Antes da Adel, a gente trabalhava muito desorganizado. A gente não tinha assistência técnica, a gente não tinha acompanhamento por parte de agrônomo, nós vendíamos as coisas todas para atravessadores pelo menor preço possível, porque a gente tinha era que vender. Depois que a gente conheceu a Adel, ela ficou oferecendo assistência técnica, porque eles podem ajudar a gente abrindo novos mercados, a gente trabalha com eles desde 2009. Recebemos capacitações, participamos de fórum intermunicipal, tudo bancado por eles através de um projeto que eles têm com o Banco do Nordeste. (Francisco Gleidson Cavalcante, agricultor familiar beneficiado pela Adel, 2014).

Programa Jovem Empreendedor Rural Iniciadas em 2009, as ações do Programa Jovem Empreendedor Rural foram motivadas pela identificação de uma juventude com poucas perspectivas financeiras para permanecer na região semiárida cearense, afetada pelo grave problema do êxodo rural.

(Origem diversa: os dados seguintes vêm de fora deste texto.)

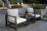 Sienna Black Aluminum Accent Table, 22" x 22" is crafted from Powder-Coated Aluminum for a warm, natural look suited for commercial and residential outdoor settings.
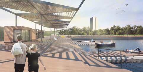 На искусственных берегах сделают смотровую площадку с видом на парк, обустроят места для рыбалки и построят новую лодочную станцию с причалами. Отдохнуть у воды можно будет на лежаках с навесами. У пруда также обустроят танцевальную площадку, в зимнее время она будет превращаться в каток площадью 720 кв. метров.
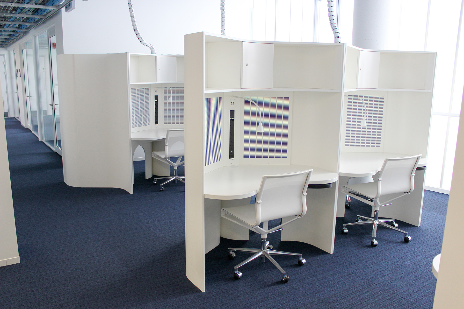 For the centre we designed a range of specialist furniture that will allow both group and independent study. Amongst them is our 120º workstation, a new vision of working furniture. In addition, meeting room furniture, dining areas, soft seating areas and reception furniture was all created following the palette and aesthetic leadership of the surrounding architecture.
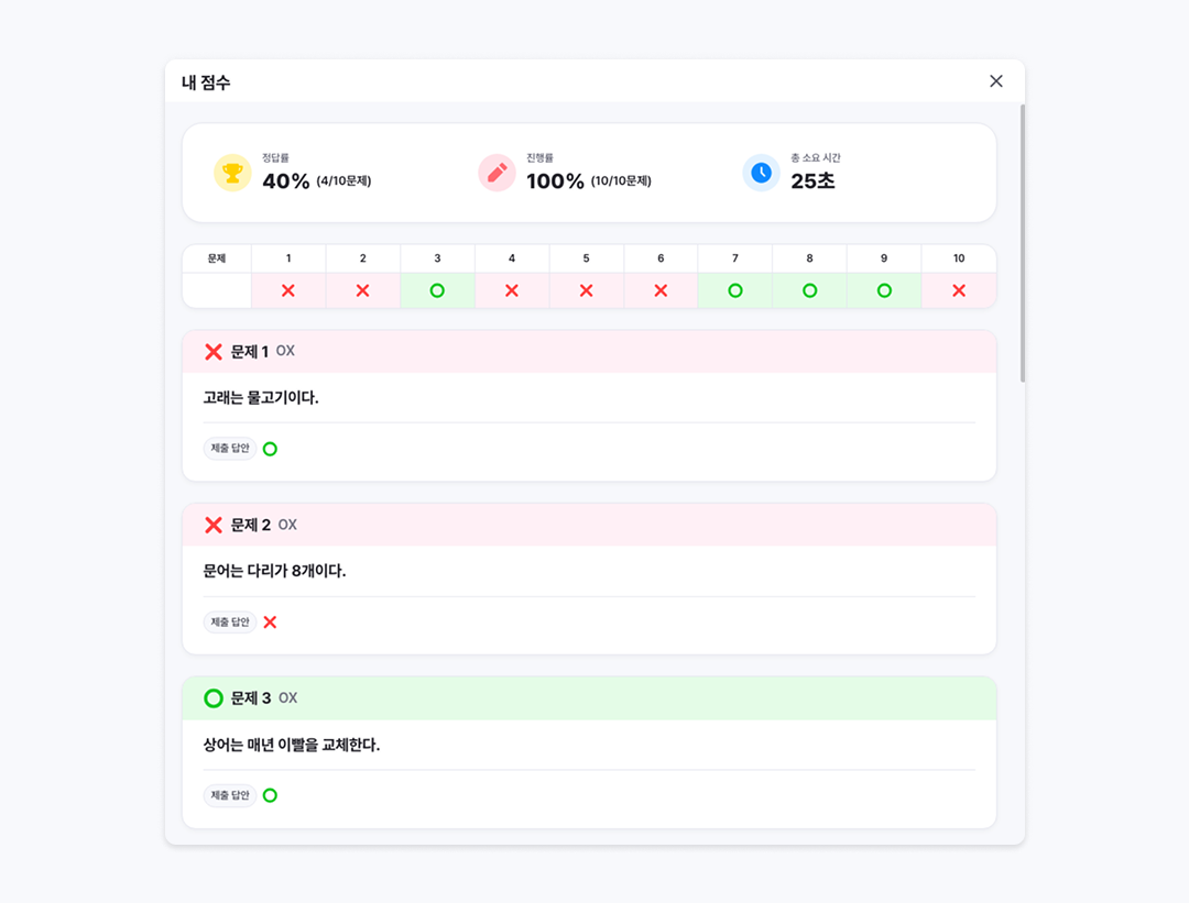 퀴즈 풀이가 완료되면, 맞춘 문제, 걸린 시간, 내 순위를 한 눈에 확인할 수 있습니다.

Eu posso tirar por uma angústia minha, acho que passa pela cabeça de toda a juventude: chegar ao ensino médio, terceiro ano, terminar, e aí? Isso era uma pergunta que todo mundo se fazia, e eu respondo na maior sinceridade, eu acho que a juventude nunca pensou em ser “patrão”, todo mundo pensa em ser empregado, terminar o terceiro ano e ter um emprego pra se manter. Então, quando chega a Adel com essa ideia de você ser empreendedor e de você ter o seu próprio negócio, não ser empregado de ninguém, balança a cabeça das pessoas, em especial a cabeça dos jovens. Porque a gente vem de uma cultura de pouca fé, da autoestima ser realmente lá embaixo. A gente passa pela escola, pelo ensino formal mesmo, pela rede pública, todo mundo passa por aquele preconceito: “Ou tu estuda ou tu vai pra roça”, os próprios professores dizem isso, há um preconceito muito grande com o rural (Aurigele Alves, sócia e Coordenadora do Programa Jovem Empreendedor Rural, 2014).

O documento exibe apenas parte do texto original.